=========================================================================== updates 2/20/2021:
I just look into the problem and found the problem is in the second file, Sex is originally coded as "F" and "M". When I change it with:
subject.info[subject.info$Sex=='F',]$Sex=1
subject.info[subject.info$Sex=='M',]$Sex=2
the weird thing is R directly changed 1 to "1". And what even more weird is it looks like numeric values when you print it.
My question is why this happens, not how to convert the type of values in a data.frame. I don't understand why someone insists it is a duplicated question, even though similar answers can solve the problem.
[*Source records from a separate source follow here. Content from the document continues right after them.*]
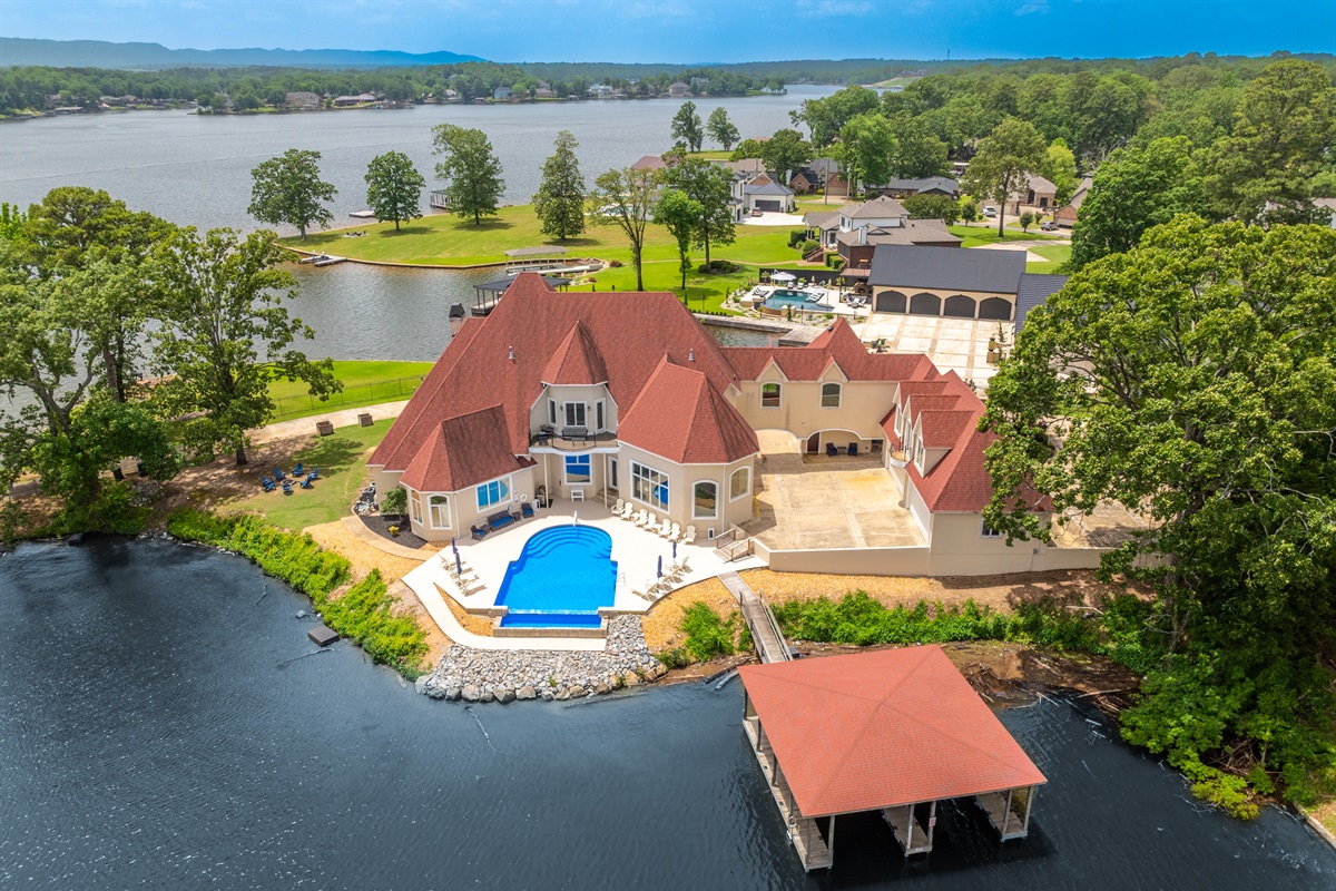 The primary retreat is a spa-like haven, offering pool and lake views, walk-in closets, a spacious walk-in shower (wheelchair/handicap friendly), and a jetted tub facing a large flat screen TV. Bedrooms are generous, with separate guest quarters and a spacious bunk room with 1.5 bathrooms. The property accommodates 24 guests in beds, provides dual wireless internet, and features smart TVs in every bedroom. An infinity pool overlooks Lake Hamilton, and a double stall covered lighted boat dock completes this luxurious getaway.
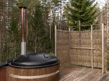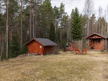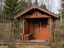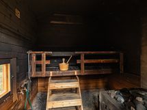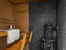 - Kuvaus: Puulämmitteinen Harvia kiuas (uusittu 2023), seinät ja katto paneloitu, lauteet, laattalattia. .
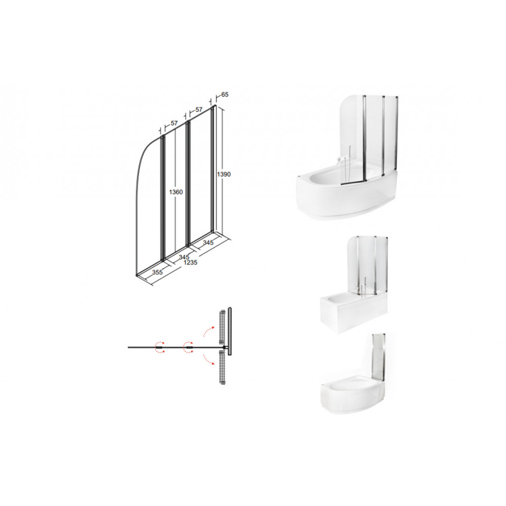 Шторка для ванни PMD Ambition-3S 123х140 (#12781-01)
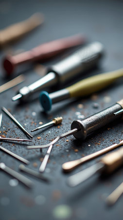 Close up macro shot of goldsmith's tools.

================================================================================= I have two text files. One file is .txt and the other is .csv. The .csv file has one additional column (with NA values). All the others are the same. When I read those files with the commands:
subject.info = read.table(paste(data_dir, "outd01_all_subject_info.txt", sep = slash), header=TRUE)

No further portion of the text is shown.